Tartaruga-de-pente (Eretmochelys imbricata). Fonte: Spotila, 2004.

 

 

• Tartaruga-oliva (Lepidochelys olivacea): é uma espécie carnívora que se alimenta de peixes, moluscos, crustáceos, entre outros. Pode chegar a até 72 cm e 42 kg. Apresenta carapaça verde-acinzentada escura quando adultas.

 

 

Tartaruga-oliva (Lepidochelys olivacea). Fonte: Spotila, 2004.

 

 

• Tartaruga-de-couro (Dermochelys coriacea): é a maior espécie dentre as tartarugas. Seu tamanho atinge 1,78 m e pesa, em média, 400 kg, apesar de haver registro de uma com 916 kg! É a única cuja carapaça é composta por uma camada de pele fina e milhares de placas ósseas, formando sete quilhas ao longo do comprimento. Por isso o nome popular "de couro". Sua dieta é composta principalmente por zooplâncton.

 

 

Tartaruga-de-couro (Dermochelys coriacea). Fonte: Spotila, 2004.

 


Bibliografia

 

SPOTILA, J. Sea Turtles: A Complete Guide to their Biology, Behavior, and Conservation.

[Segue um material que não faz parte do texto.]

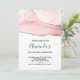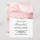 Um convite de aniversário com um design elegante e elegante. Cores de água rosadas cor-de-rosa com um aspecto sutil de agata de mármore e fita de ouro com brilho dourado colado no meio.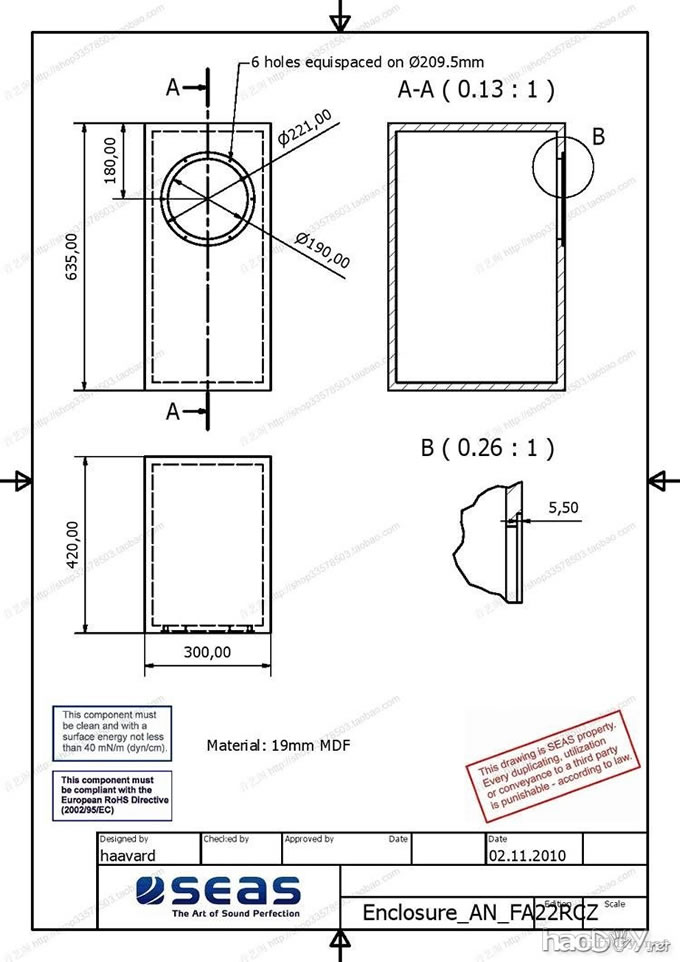 闲着没事又做了一对松下釹磁6寸全频迷宫箱,7合板CNC制作。不说了,上图。 真正的布边...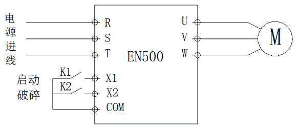 選擇EN500-4T450G/P變頻器,破碎石料運行50HZ,空載運行30HZ;運料車工程車卸貨處安裝位置檢測開關(guān),運料車到位輸出信號給變頻器,變頻器加速到50HZ,運料車離開經(jīng)過1.5分鐘結(jié)束破碎,變頻器減速到30HZ運行,周而復(fù)始。設(shè)置兩段加減速時間:第一段加速從0HZ到30HZ,設(shè)置加速30秒;第二段30HZ到50HZ加速20秒,從50HZ到30HZ,減速時間40秒。

Baltimore, Maryland, 2004.
 

GALLO, B. M. G.; MACEDO, S.; GIFFONI, B. B.; BECKER, J. H. & BARATA, P. C. R. Sea Turtle Conservation in Ubatuba, Southeastern Brazil, a Feeding Area with Incidental Capture in Coastal Fisheries. Chelonian Conservations and Biology, v. 5, n. 1, 2006.